Indian-American Distinguished Professor of computer science

Biswanath Mukherjee is an Indian-American Distinguished Professor of Computer Science at the University of California, Davis. His research focuses on optical networking architectures, algorithms, and protocols. He was elected an IEEE Fellow in 2007.

==Early life==
Mukherjee received his Bachelor of Technology degree with honors from the Indian Institute of Technology Kharagpur in 1980 and completed his Ph.D. in computer science at the University of Washington in 1987. That same year, he joined the faculty of the computer science department at UC Davis. He was promoted to professor in 1995, held the Child Family Professorship from 1999 to 2000, and served as department chair from 1997 to 2000. In 2011, he was named a Distinguished Professor.

==Career==

Mukherjee served as Technical Program Chair for the IEEE INFOCOM 1996 conference in 1996, Technical Program Co-Chair for the Optical Fiber Communication Conference 2009 in 2009, and General Co-Chair in 2011.

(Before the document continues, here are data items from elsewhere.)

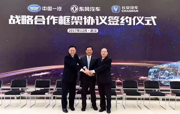 2017年12月1日,长安汽车、中国一汽与东风汽车共同签署了战略合作框架协议,根据战略合作协议,三方将在前瞻共性技术、汽车全价值链运营、拓展海外市场以及探索新商业模式四个领域展开合作。此次共享出行项目的成立,正是对战略合作框架协议的又一项落地。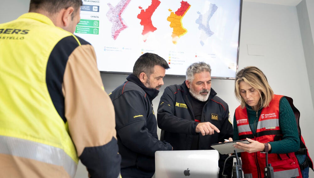 Marta Barrachina asiste a la reunión de coordinación en Oropesa tras presidir ayer la reunión operativa del Consorcio Provincial de Bomberos. Con motivo de la alerta roja, la Diputación de Castellón habilitó ayer viernes 13 de febrero un dispositivo que refuerza los cuatro parques de bomberos profesionales ubicados en Benicarló, Oropesa, Nules y Segorbe, así como activó de efectivos de forma presencial en los cinco parques de Bomberos voluntarios en Onda, Lucena del Cid, Benassal, Morella y Atzeneta.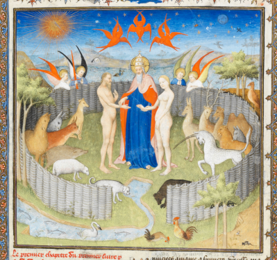 Unicorns were thought to be elusive and live in forests and woods. They were best known for their supposed ferocity, their speed and invincibility, and for the therapeutic property of their horn. Contemporary texts described this as having the power to cure the sick, and in particular to detoxify poisoned water. This purification was said to be akin to Moses sweetening the water the Israelites found in the desert during the Exodus. More significantly it was thought to be like Christ’s own purification of the world after it had been corrupted by Adam and Eve’s sin in the Garden of Eden. For that reason some images of Eden even include a unicorn amongst the creatures that live in the garden alongside Adam and Eve.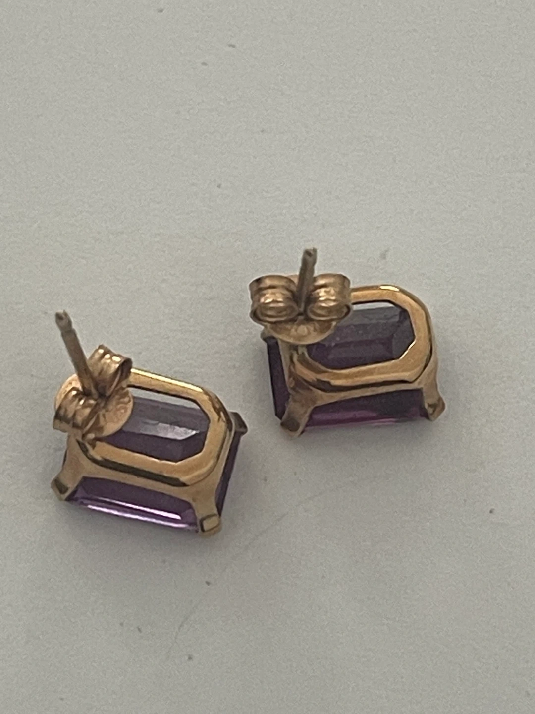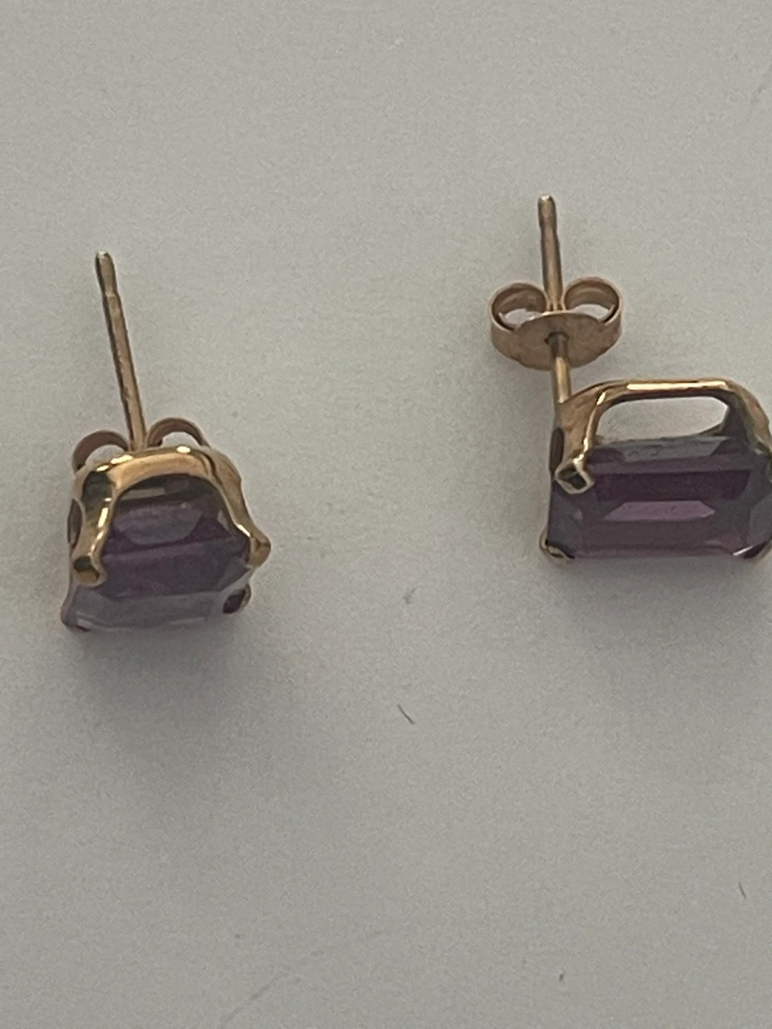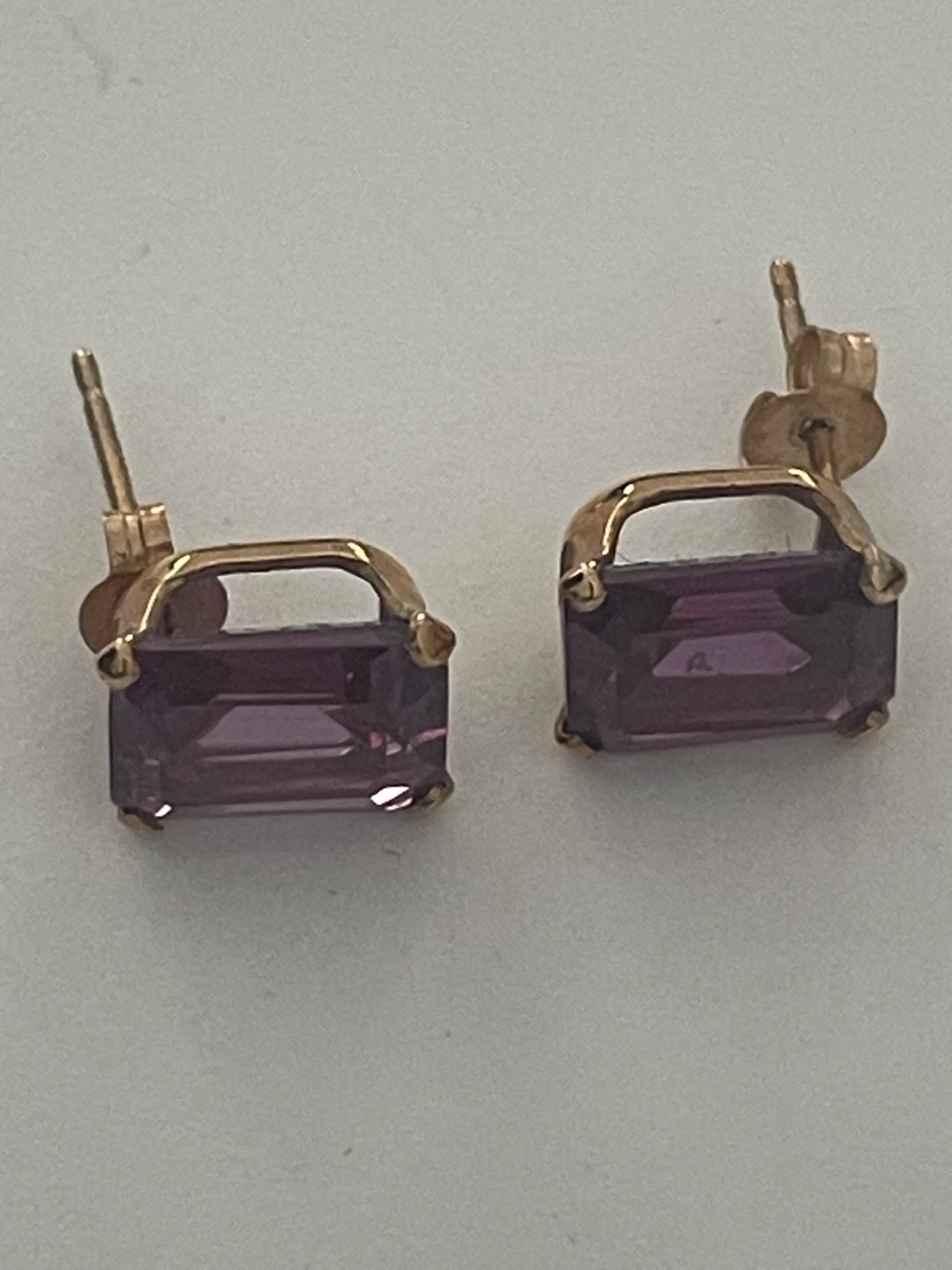 Here are some lovely earrings featuring a purple gemstone on 10k gold. They have a genuine

Mukherjee is editor of the Springer book series on optical networks. He has served on the editorial boards of several journals, including IEEE/ACM Transactions on Networking and IEEE Network. He also serves on the advisory board of IEEE Communications Surveys & Tutorials. In addition, he has guest-edited special issues for journals including Proceedings of the IEEE, Journal of Lightwave Technology, IEEE Journal on Selected Areas in Communications, and IEEE Communications Magazine.

He was the first elected chair of the Optical Networking Technical Committee of the IEEE Communications Society.

Mukherjee was a founding board member of IPLocks from 2002 to 2007. The company was later acquired by Fortinet. He also served on the founding board of directors of Optella from 2015 to 2018; the company was subsequently acquired by Cosemi. He has also served on the technical advisory board of Teknovus, which was acquired by Broadcom.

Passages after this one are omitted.